Blockchains aren't perfect, and cybercriminals have found ways to exploit their vulnerabilities, using four distinct approaches to attack them.

• Attacks that use routing. The blockchain relies on massive data transfers that are performed in real-time. Hackers can intercept data as it is being sent to ISPs. Blockchain users are unaware of any problems.
• 51% attacks. Mining on large-scale, public blockchains requires a lot of computer power. A group of unreliable miners could seize control of the ledger by accumulating enough computing power to exceed 50%. However, private blockchains do not fall victim to 51% of attacks.
• Sybil attacks. Sybil's attacks are named after the book about multiple personality disorders. They flood a network target with false identities and crash the system.
• Phishing attacks. The classic hacker technique works on blockchains as well. Cybercriminals use phishing to trick wallet holders into giving up their passwords.

Six Blockchain Security Examples

Examples of companies' and organizations' methods for providing blockchain security.

Mobile Coin

Mobilecoin, the Californian cryptocurrency firm, is creating an accessible yet secure cryptocurrency that businesses that cannot afford the cost of independently implementing ledger security can utilize to manage ledger data securely. As it functions like a third-party vendor of transaction services while keeping data encrypted between both sides, its product can also work seamlessly with Facebook Messenger and WhatsApp messaging applications.

Coinbase

Coinbase Exchange in California offers another cryptocurrency-related business platform, offering customers a place to buy and sell digital currencies using encryption technology while keeping passwords and wallets within a secured database. Coinbase employees must undergo extensive background checks as an added layer of protection against the theft of cryptocurrency funds.

J.P. Morgan

J.P. Morgan is one of the United States' premier financial institutions.

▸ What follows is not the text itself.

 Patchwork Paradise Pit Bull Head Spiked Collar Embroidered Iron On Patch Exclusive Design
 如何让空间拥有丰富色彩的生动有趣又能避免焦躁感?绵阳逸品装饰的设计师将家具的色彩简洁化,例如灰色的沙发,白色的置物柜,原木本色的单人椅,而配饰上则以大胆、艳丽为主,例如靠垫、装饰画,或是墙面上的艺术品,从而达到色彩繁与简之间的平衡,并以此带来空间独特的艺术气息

They developed Quorum - their version of Ethereum for enterprise - which uses blockchain technology for private transactions, providing transparent yet cryptographically secure smart contracts transactions in their Quorum Network.

Lockheed Martin

Lockheed Martin became the first US defense contractor of its type to embrace blockchain technology, working alongside cybersecurity firm Guardtime Federal on developing protocols utilizing this disruptive security method for engineering systems, software applications and supply chain management - with plans of eventually using this technique during every stage of weapon systems development.

Cisco

Californian tech giant Silicon Valley Technology Group believes blockchain will be an excellent way for IoT applications since its distributed ledger structure eliminates single points of failure while encryption safeguards private information. Given how rapidly the Internet of Things has expanded over the years, this concept carries much weight if chosen as their preferred network; having such support from an influential IoT firm only adds further credibility! It's always beneficial having one on board.

Hashed Health

Hashed Collective from Tennessee-based Healthcare Innovation firm Hashed Health seeks to assist healthcare institutions with adopting blockchain technology. Comprising three entities -- Hashed Enterprise, Labs and Hashed Health -- these three components specialize in different areas related to blockchain usage in healthcare environments, such as patient data sharing networks or secure internal communications protocols aimed at hospitals.

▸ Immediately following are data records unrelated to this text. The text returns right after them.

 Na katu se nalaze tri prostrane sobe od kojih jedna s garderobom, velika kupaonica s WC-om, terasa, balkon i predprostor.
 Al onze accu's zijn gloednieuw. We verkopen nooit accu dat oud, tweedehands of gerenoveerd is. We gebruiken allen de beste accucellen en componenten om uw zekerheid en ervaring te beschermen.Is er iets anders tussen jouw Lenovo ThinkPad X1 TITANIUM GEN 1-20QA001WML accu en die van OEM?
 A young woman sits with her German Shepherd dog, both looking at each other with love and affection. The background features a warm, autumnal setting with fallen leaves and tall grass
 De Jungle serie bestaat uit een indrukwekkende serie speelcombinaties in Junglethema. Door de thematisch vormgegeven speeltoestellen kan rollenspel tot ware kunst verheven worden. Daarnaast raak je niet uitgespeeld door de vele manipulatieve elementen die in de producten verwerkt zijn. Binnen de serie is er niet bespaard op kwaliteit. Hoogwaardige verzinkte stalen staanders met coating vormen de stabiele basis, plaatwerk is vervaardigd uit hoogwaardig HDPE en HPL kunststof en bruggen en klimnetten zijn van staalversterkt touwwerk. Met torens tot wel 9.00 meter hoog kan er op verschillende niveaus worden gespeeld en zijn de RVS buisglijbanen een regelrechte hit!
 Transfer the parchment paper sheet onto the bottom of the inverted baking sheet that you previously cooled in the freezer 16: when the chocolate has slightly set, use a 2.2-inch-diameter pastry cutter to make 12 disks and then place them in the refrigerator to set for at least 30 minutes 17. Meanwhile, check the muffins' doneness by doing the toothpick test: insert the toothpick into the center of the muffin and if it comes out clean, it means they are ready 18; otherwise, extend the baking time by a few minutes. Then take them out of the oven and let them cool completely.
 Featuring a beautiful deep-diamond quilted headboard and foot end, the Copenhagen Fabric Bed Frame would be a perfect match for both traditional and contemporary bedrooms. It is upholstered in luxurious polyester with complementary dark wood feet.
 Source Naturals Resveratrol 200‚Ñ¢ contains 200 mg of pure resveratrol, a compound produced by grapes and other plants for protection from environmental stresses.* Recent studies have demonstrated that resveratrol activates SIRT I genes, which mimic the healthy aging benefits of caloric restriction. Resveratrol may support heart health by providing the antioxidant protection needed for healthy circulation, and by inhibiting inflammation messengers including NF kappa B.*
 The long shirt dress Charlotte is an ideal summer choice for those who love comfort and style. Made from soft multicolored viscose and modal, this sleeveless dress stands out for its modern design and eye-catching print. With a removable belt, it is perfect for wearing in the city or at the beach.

Read More: How Blockchain Technology Works and Is Changing the World!

Blockchain-based Solutions are Associated with Security Risks

Before beginning to manage Blockchain solutions, we must understand their risks. Specific risks depend on which blockchain type you employ - we'll explore various types of blockchains with decreasing risks and rising security:

• Anyone can validate transactions and join public blockchains. They tend to be more volatile (such as cryptocurrencies). The blockchain is risky, as anyone can join it without restrictions or control.
• The membership of private blockchains is usually restricted to business networks.
• Blockchains without permissions are not restricted to processors.
• Permissioned Blockchains enable the ledger to remain encrypted, so only relevant participants can view it. Only those meeting a "need-to-know" criterion can decrypt it.

Other risks associated with blockchain can be categorized into three broad categories:

• Business and Governance: The business risks include reputational risks, financial risks, and risks related to compliance. Governance risks are largely a result of the decentralized nature of blockchain solutions. They require strict controls over decision criteria, governance policies, access management, and identity.
• Process: The risks associated with a Blockchain solution are related to the different processes required to operate and be built.
• Security risks can be caused by technology: the technology used to support various business processes may not always provide the most secure solution.

Models of Blockchain Security Threats

Security should always be assessed about its threat model. Although blockchain applications were intended for robust records integrity, other aspects may still be compromised and lead to losses, such as inadequate security measures, weak access controls or loose key management. To effectively secure such applications, you should create a threat model and identify weaknesses immediately.

STRIDE Model The Spoofing Tampering Repudiation Information Disclosure Denial of Service Attacks and Elevation of Privilege (STRIDE model) is an established tool used for analyzing relationships and recognizing threats while simultaneously helping identify weaknesses or vulnerabilities of these relationships and suggesting mitigation solutions.

Actors typically own and manage external components like identity and access management (IAM), multi-factor authentication (MFA), PKIs, audit/regulatory systems or audit management solutions that come from third parties - these should all be thoroughly assessed before becoming part of an overall solution, considering the blockchain threat model as needed.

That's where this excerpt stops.